I have chosen to follow the first blog subject; Why a pediatric dentist with the subject of x-rays since they are closely related. The primary goal of our specialty is prevention and yes, x-rays aid in this goal. Any dental exam is composed of two parts: a clinical and a radiographic exam. The same would apply for your child’s exam. When it comes to recommending x-rays, it is mostly a matter of when, under what circumstance and at what interval. So how do I begin an exam and what does it all include, upon leading to the discussion of x-rays?

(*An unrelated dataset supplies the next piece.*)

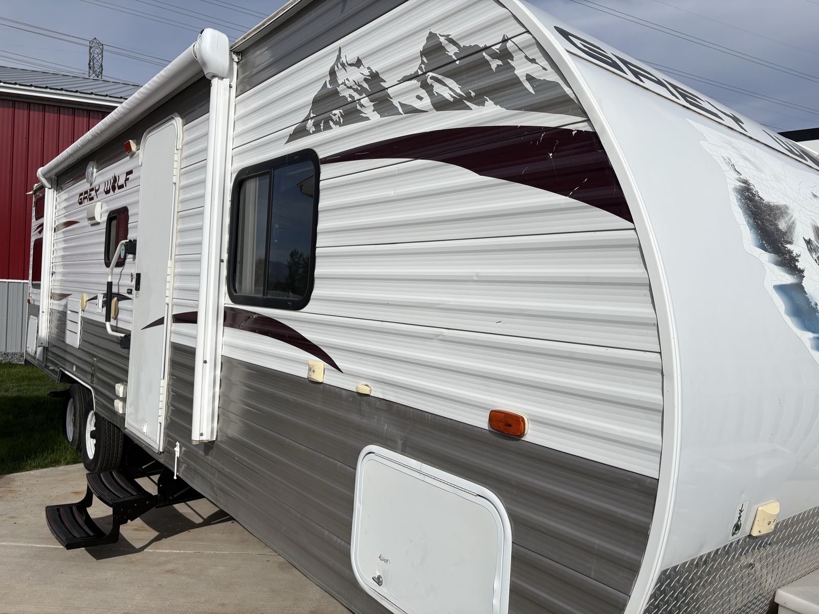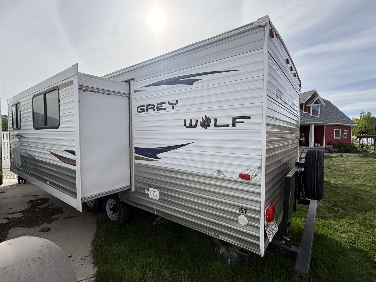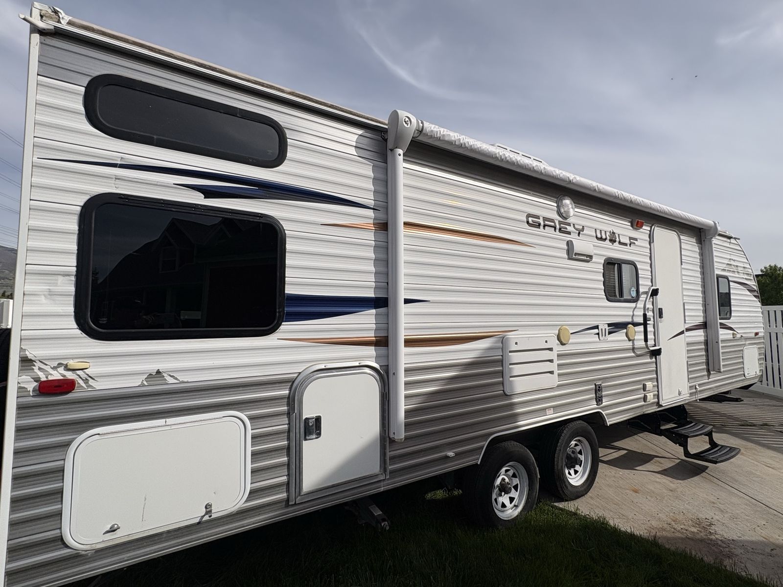 ZelleI am selling a 2023 Forest River Cherokee Grey Wolf Travel Trailer. This is a 28' bunkhouse travel trailer (28BH). It sleeps 8-9 people. It has a kennel/storage under the bunk beds, it has a large slide (kitchen table and couch section), it has stove, microwave, refridgerator, freezer, etc. I had a through inspection done and everything works (A/C, Heater, Hot Water Heater, Slide, Awning, etc. I purchased a new mattress for the queen bed in front and I replaced the Awning material and motor. The tongue jack is also new. There is some minor damage to the siding material (see pictures) dents, and dings etc. that has been factored into the price.
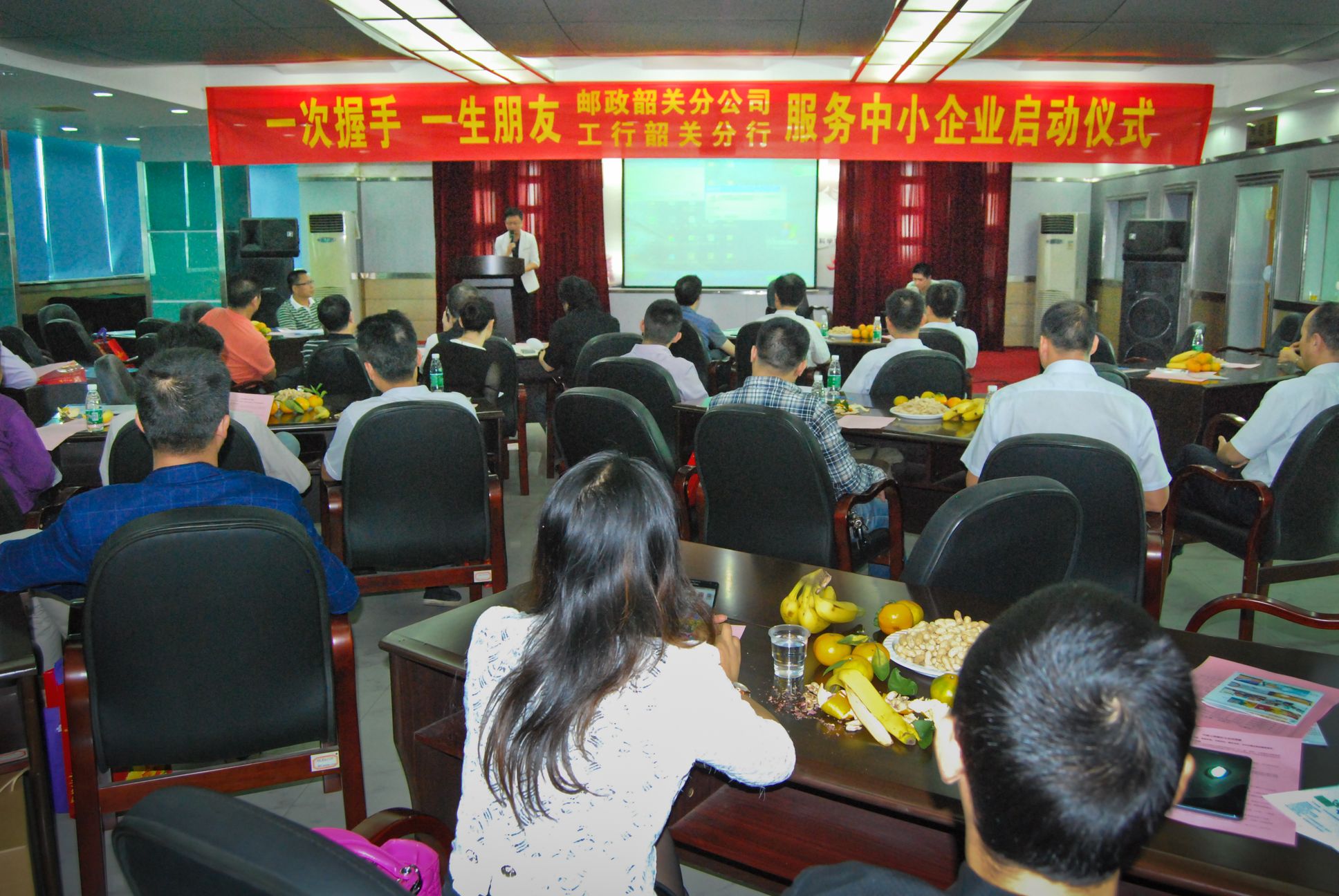 2014年10月22日,由韶关市中小企业局、市科技馆、市邮政公司、市工商银行、广发证券联合举办的2014年韶关市“一次握手、一生朋友”科普活动在我馆学术报告厅召开。此次活动的目的是通过搭建邮政、银行、服务机构与中小微企业对接合作平台,助推我市中小微企业健康发展。

My clinical exam begins upon my first meeting with your child, either in the waiting room or in the dental chair. Initially, I am gathering information on their emotional acceptance of the office and who I am. How do they respond upon meeting me? Am I able to chat with them making eye contact? I am assessing if your child is drawn further into you, when I approach them or if they engage in conversation with me with ease. I am also visually assessing their external self as a part of my dental exam: their stature and body build, their facial shape, their facial symmetry, their mouth posturing and of course, any visible cavities.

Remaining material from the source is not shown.